Information supplied:
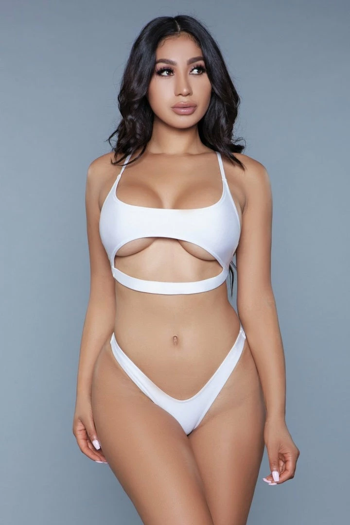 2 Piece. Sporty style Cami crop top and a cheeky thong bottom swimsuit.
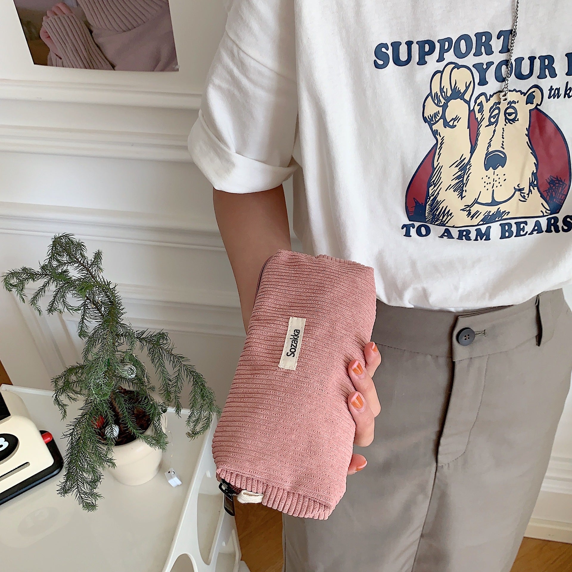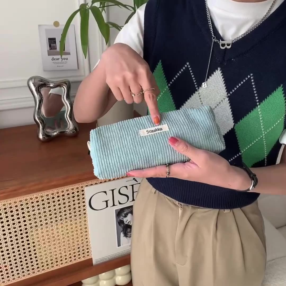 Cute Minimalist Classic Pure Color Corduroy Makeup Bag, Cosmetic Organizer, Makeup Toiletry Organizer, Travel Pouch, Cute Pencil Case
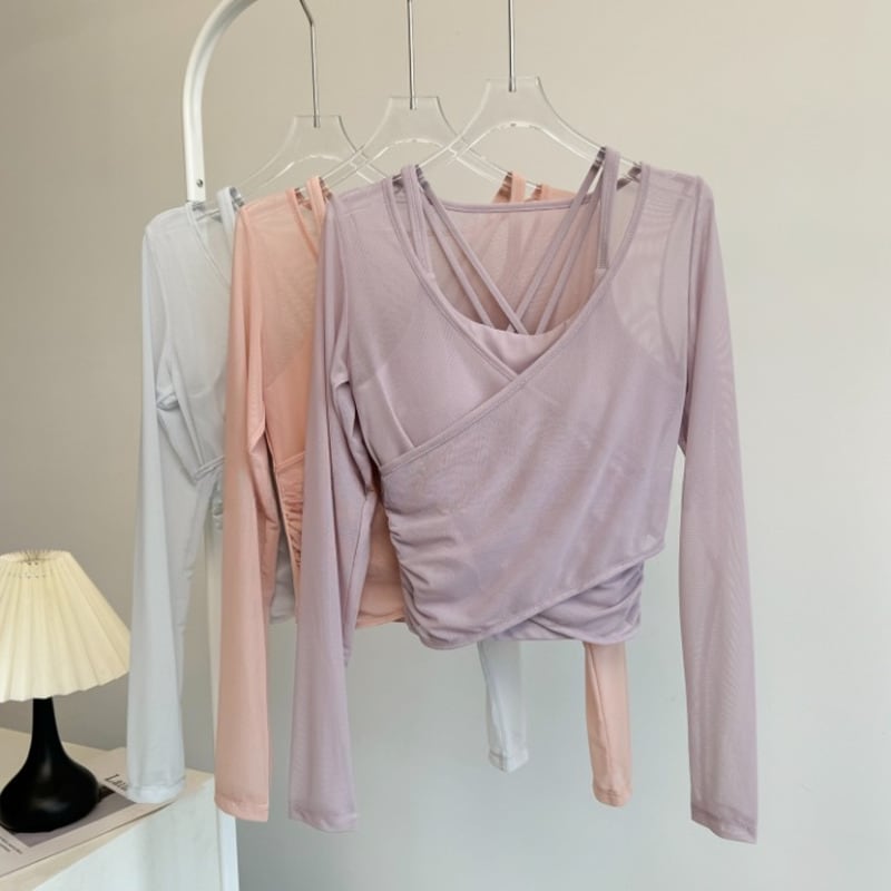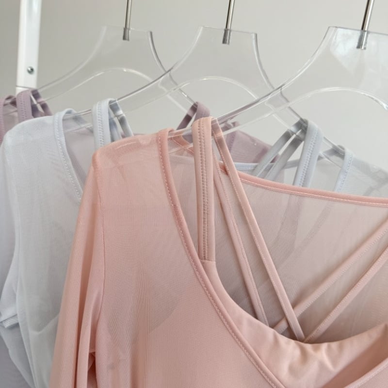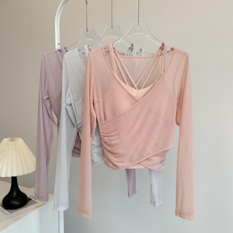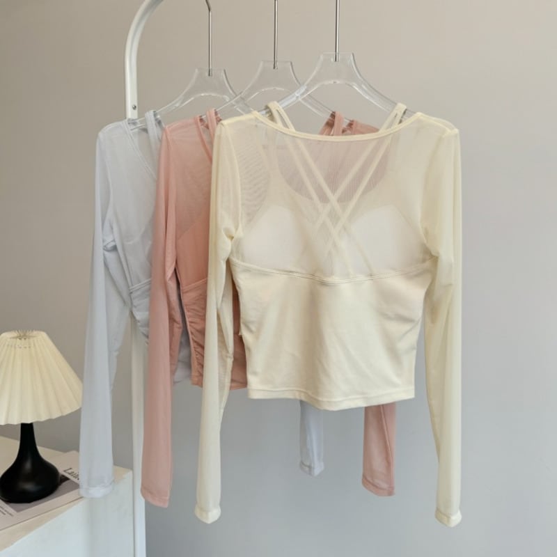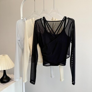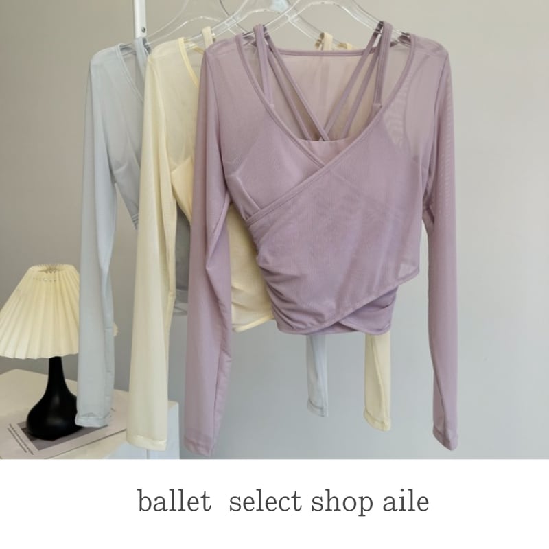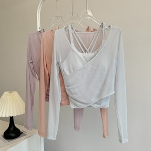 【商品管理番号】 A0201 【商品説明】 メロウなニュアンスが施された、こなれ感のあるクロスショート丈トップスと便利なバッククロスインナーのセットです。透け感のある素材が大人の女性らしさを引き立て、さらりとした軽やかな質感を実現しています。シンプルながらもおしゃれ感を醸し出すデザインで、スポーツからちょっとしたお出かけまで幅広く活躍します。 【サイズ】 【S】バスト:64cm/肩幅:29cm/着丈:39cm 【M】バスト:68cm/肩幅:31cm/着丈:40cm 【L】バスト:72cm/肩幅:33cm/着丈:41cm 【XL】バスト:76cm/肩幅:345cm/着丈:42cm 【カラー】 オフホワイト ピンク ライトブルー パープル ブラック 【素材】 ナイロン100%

What is required: Drop the pictures and reproduce the rest of the data above exactly.

Exercise answer:
 2 Piece. Sporty style Cami crop top and a cheeky thong bottom swimsuit.
 Cute Minimalist Classic Pure Color Corduroy Makeup Bag, Cosmetic Organizer, Makeup Toiletry Organizer, Travel Pouch, Cute Pencil Case
 【商品管理番号】 A0201 【商品説明】 メロウなニュアンスが施された、こなれ感のあるクロスショート丈トップスと便利なバッククロスインナーのセットです。透け感のある素材が大人の女性らしさを引き立て、さらりとした軽やかな質感を実現しています。シンプルながらもおしゃれ感を醸し出すデザインで、スポーツからちょっとしたお出かけまで幅広く活躍します。 【サイズ】 【S】バスト:64cm/肩幅:29cm/着丈:39cm 【M】バスト:68cm/肩幅:31cm/着丈:40cm 【L】バスト:72cm/肩幅:33cm/着丈:41cm 【XL】バスト:76cm/肩幅:345cm/着丈:42cm 【カラー】 オフホワイト ピンク ライトブルー パープル ブラック 【素材】 ナイロン100%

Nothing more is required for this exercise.